El tiempo pasaba y seguían llegando invitados, chicos y grandes. Llegó la música y con ella la bebida para los adultos. Cantaron las mañanitas, felicitaron al Vitola por la nueva rosticería y Jiu abrió absolutamente todos los regalos. Comenzó el baile mientras la tarde y los borrachos inundaban el ambiente.

—¿Y a qué ni saben quién de la cuadra tiene una pistola?— Miguelito, ya con chicle nuevo, cuestionaba a la turba de salvajes.

—No mames, sea quien sea que tenga una pistola le ordeno que en este momento me la enseñe— ordenó Jiu muy interesado.

—No Jiu, la fusca no la tiene nadie de aquí, la tienen los pelones que viven al fondo del callejón. Mi jefa dice que es gente mala porque venden medicinas muy peligrosas que hacen que te quedes loco. Pero a mí me caen bien.

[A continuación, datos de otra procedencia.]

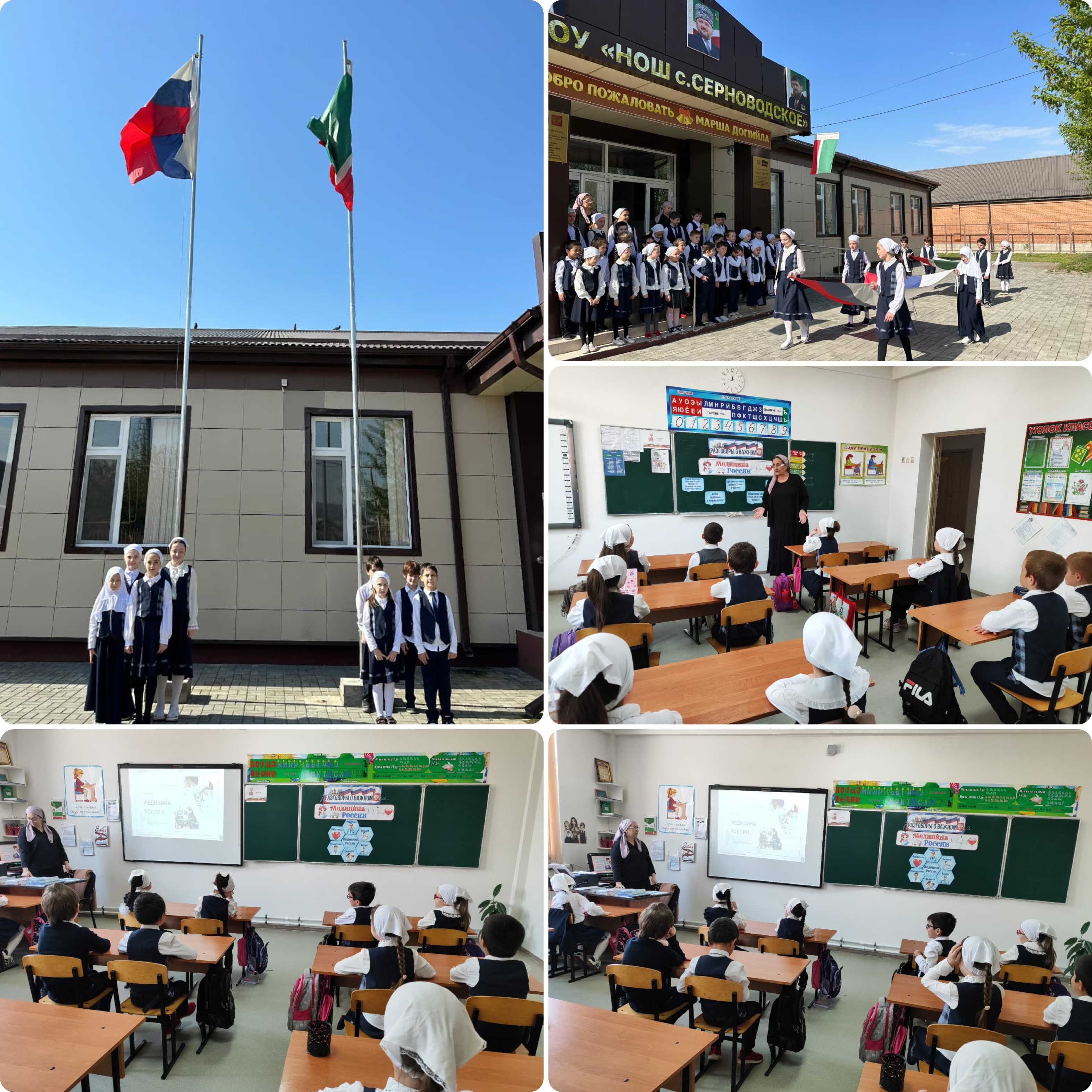 Утро понедельника в школе традиционно началось с торжественной линейки, церемонии выноса флагов РФ, ЧР и исполнения гимна Российской Федерации и гимна Чеченской Республики.
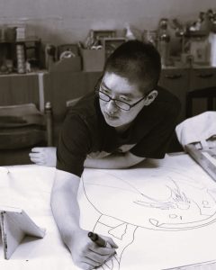 他自幼便喜欢绘画,灵感源自他所钟爱的动物和鸟类照片。绘画已经成为他日常生活的一部分。他不打草稿,而是拿起油性马克笔,根据所见照片中的信息,一气呵成地勾勒出强劲而精准的线条,仿佛被设定好的程序一般。
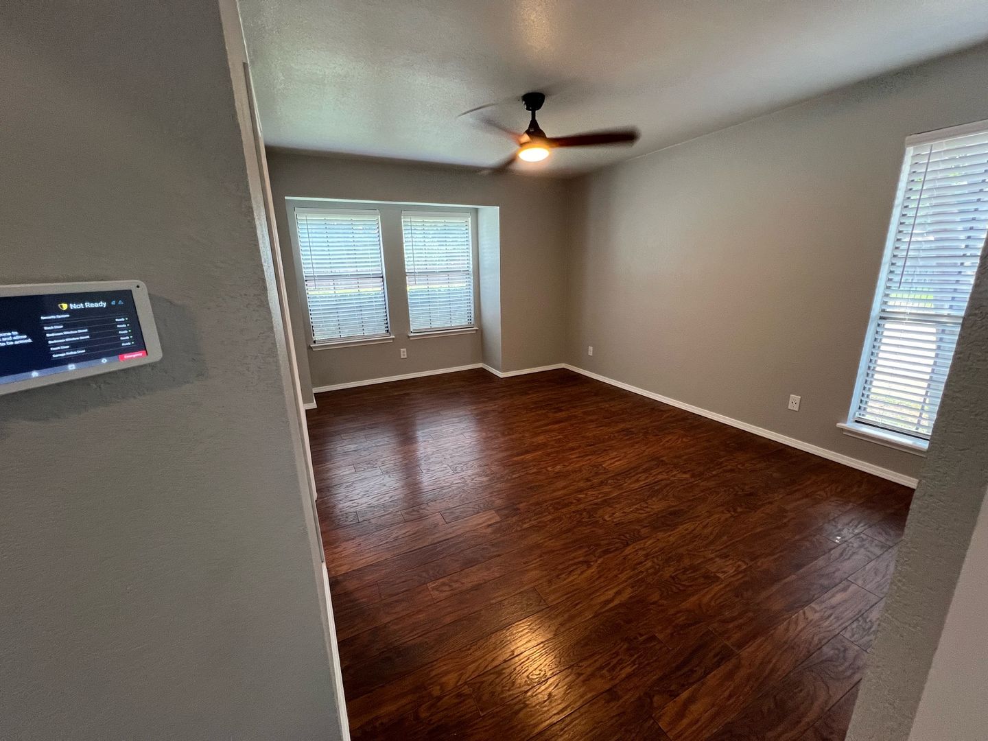 Touch panel on wall in living area, and additional touch panel on wall in master bedroom.
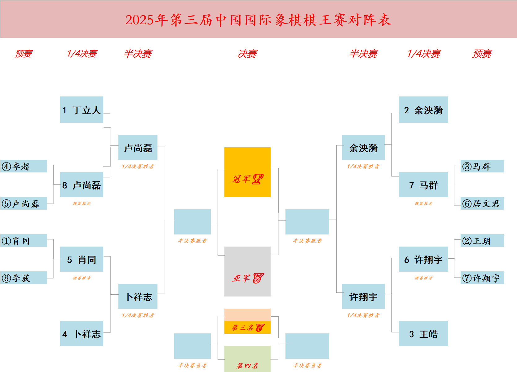 作为国内水平最高、冠军奖金最高的大赛,本次棋王赛阵容堪称星光熠熠、超级强大,世界冠军丁立人领衔,国象史上首位五届世界棋后、现任棋后居文君首次亮相。四名种子棋手分别是上届冠亚军余泱漪与卜祥志和国内等级分顺位排名前二的丁立人与王皓。八位预选赛棋手包括奥赛冠军王玥、李超,棋后居文君,世界团体赛冠军卢尚磊、许翔宇、李荻,上届棋王赛季军马群以及“08”后第一位获得特级大师的16岁新锐、全国冠军肖同等。这八位棋手通过预选赛决出四位优胜者进入正赛。最终,预赛起步的卢尚磊、许翔宇一路过关斩将挺进四强,尤其卢尚磊1/4决赛击败丁立人,更是爆出不小冷门。

—Pues yo digo que tu mamá es una vieja chismosa y que no hay que creerle nada. Hagamos una expedición por nuevas tierras y busquemos a esos pelones para que nos presten tantito su fusca. ¡Arre!
Así se organizo la horda y salió del local hacia la calle en busca de nuevas aventuras. Mientras, en la fiesta, todos, señoras, señores y uno que otro jovencito ya estaban borrachos. Bailaban, cantaban y comían pastel. También para ellos todo era diversión.

—A ver, a ver, a ver, que doña Licha le muerda al pastel.

—¡Sí, pero que primero se limpie las babas, vieja puerca!

—Puerca su chingadamadre, yo soy una dama, pinches putos.

—Voy voy, pinche Licha y dama o no, dale unas mordiditas a mi pastelote, jajajajaja.

—No, ya sé. Mejor hay que romper una piñata total, sepa la chingada dónde andan los chamacos.

—Órale, a eso sí le entro.

—Pinche Licha, nomás te dicen que agarres el palo y ahí vas…

—Dale dale, no pierdas el tino porque si lo pierdes…

—¡Ayyyyy!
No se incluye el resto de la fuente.